_Exercise_: Start at the line with "ブライトリング初の自社開発ム" in the records below, stop at the line with "6e verdieping inmiddels.", and return every line in that span exactly, the two end lines included.

_Records shown_:
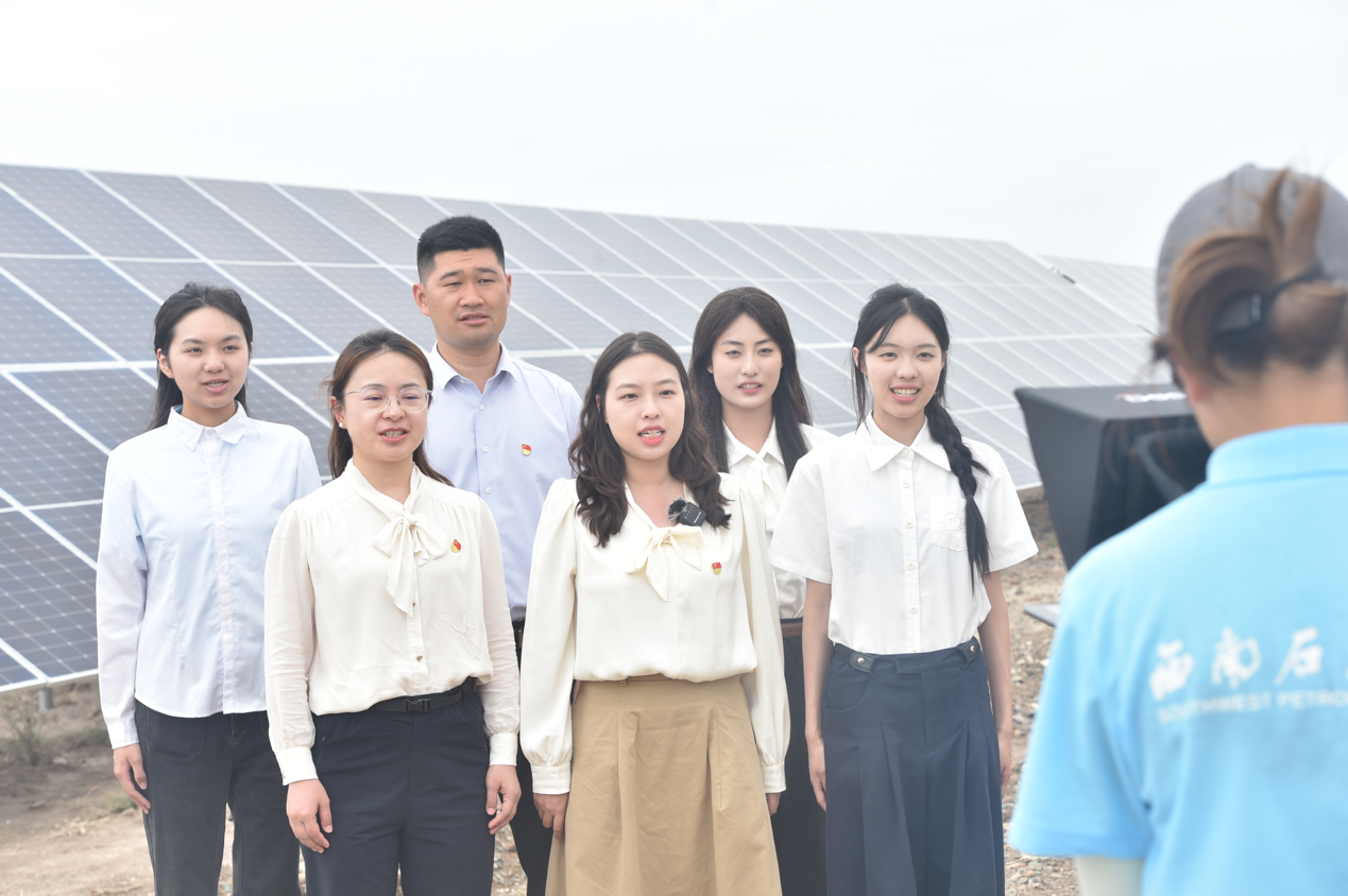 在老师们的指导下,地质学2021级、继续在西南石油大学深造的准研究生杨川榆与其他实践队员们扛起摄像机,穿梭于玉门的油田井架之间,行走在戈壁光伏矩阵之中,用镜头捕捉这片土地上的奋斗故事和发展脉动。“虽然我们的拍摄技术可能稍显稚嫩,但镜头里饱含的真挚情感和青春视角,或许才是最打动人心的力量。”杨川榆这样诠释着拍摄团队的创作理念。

...

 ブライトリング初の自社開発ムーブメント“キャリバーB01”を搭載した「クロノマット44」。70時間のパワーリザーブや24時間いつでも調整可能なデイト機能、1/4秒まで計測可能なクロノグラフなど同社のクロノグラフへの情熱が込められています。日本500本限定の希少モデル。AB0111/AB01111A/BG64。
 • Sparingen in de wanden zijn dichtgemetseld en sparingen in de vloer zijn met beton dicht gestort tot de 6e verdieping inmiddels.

_Solution to this exercise_:
 ブライトリング初の自社開発ムーブメント“キャリバーB01”を搭載した「クロノマット44」。70時間のパワーリザーブや24時間いつでも調整可能なデイト機能、1/4秒まで計測可能なクロノグラフなど同社のクロノグラフへの情熱が込められています。日本500本限定の希少モデル。AB0111/AB01111A/BG64。
 • Sparingen in de wanden zijn dichtgemetseld en sparingen in de vloer zijn met beton dicht gestort tot de 6e verdieping inmiddels.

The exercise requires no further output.